SANGUE – Pippo Delbono
L’Aquila, distrutta dal terremoto, silenziosa e vuota, dimenticata dallo stato. Questo è l’incipit (discutibile) di Sangue, un viaggio in auto con Giovanni Senzani, uno strano incontro tra due persone così diverse, accomunate dai sentimenti provati l’uno verso la mamma, l’altro verso la moglie.

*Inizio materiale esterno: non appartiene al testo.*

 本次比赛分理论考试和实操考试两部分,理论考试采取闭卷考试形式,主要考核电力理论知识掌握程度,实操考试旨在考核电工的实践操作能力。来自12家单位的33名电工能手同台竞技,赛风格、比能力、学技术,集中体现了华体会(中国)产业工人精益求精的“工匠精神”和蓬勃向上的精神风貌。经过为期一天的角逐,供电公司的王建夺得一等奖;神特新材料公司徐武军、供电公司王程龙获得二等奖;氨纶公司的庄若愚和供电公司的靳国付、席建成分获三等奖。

Giovanni Senzani, coinvolto nelle B.R., è un personaggio schietto, cinico, che con naturalezza risponde alle domande più o meno intime del compagno di viaggio. I due hanno in comune più di quanto il regista potesse immaginare all’inizio del documentario, infatti, partita l’idea di un docufilm sulla vita di Sanzani, le donne più importanti per la vita di entrambi i protagonisti vengono a mancare. Difficile per il regista tener fuori dal suo documento un tale dolore, tanto più se si tiene conto che spesso Pippo Delbono ha fatto della propria vita parte primaria delle opere stesse. Senzani ha perso la moglie, una donna forte, che respingeva le idee del marito, profondamente cattolica, non ne condivideva le ideologie ma che, nonostante 23 ani di prigionia, non ha mai abbandonato il consorte. Dall’altro lato c’è Delbono che, in una sconcertante contemporaneità, perde la madre.

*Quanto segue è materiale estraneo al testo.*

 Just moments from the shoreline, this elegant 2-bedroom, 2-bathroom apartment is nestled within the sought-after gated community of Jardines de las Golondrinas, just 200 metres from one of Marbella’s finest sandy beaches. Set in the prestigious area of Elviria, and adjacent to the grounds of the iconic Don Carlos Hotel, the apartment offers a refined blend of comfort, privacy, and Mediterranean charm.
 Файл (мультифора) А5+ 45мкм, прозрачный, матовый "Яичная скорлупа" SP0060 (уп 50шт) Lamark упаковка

I dialoghi si susseguono, vediamo la stessa madre nei giorni subito precedenti alla dipartita, uno stralcio di vita infinito, per il regista eterno. Sangue è un docufilm controverso, che ha destato non poche polemiche per la presenza del brigatista ma che, guardato nella giusta prospettiva, si fonde con un episodio della vita del regista, col suo dolore, con la sua solitudine. Delbono stesso, infatti, afferma di aver portato a termine il film inserendo la morte della madre per poterla in un certo senso guardare, accettarla, per poter superare il dolore, per poter in qualche modo risanare un’anima colpita.

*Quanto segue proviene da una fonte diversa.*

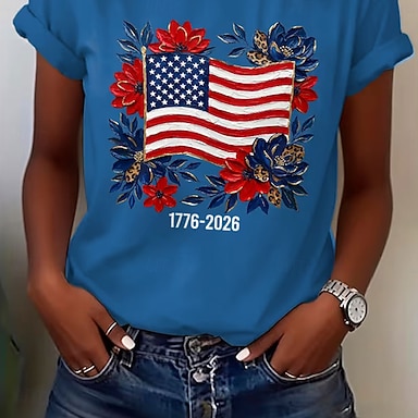 Maglietta Patriottica per Donne per l'Indipendenza Moda Vintage Elegante Manica Corta Collo Tondo Top Regolari Quotidiani Fine Settimana Stampa Blu Bianco Rosso Blu Estate Primavera

Sangue risulta essere un film delicato ma pesante, girato con tutte le limitatezze di un telefonino, così come nello stile di Delbono, Nonostante la gravità dei temi, è difficile non superare il mio cinismo e non storcere il naso. È vero che ognuno vive il dolore in modo personale, ma la natura intima e intimistica di questo lunghissimo film non può che risultare snervante. Altro elemento urticante è la presenza del centro sventrato della città, L’Aquila, eretta a simbolo: orfana del suo stato come orfano è il regista. Città che appartiene a Delbono come a qualsiasi italiano, L’Aquila viene qui identificata con la morte della madre, raggiungendo un paragone fuori luogo e poco rispettoso per chi ha perso la vita in giovane età tra le macerie, per esempio, rispetto a chi è morto in età avanzata nella tranquillità della propria casa. Non a caso sono piovute in testa a Delbono accuse di mercimonio.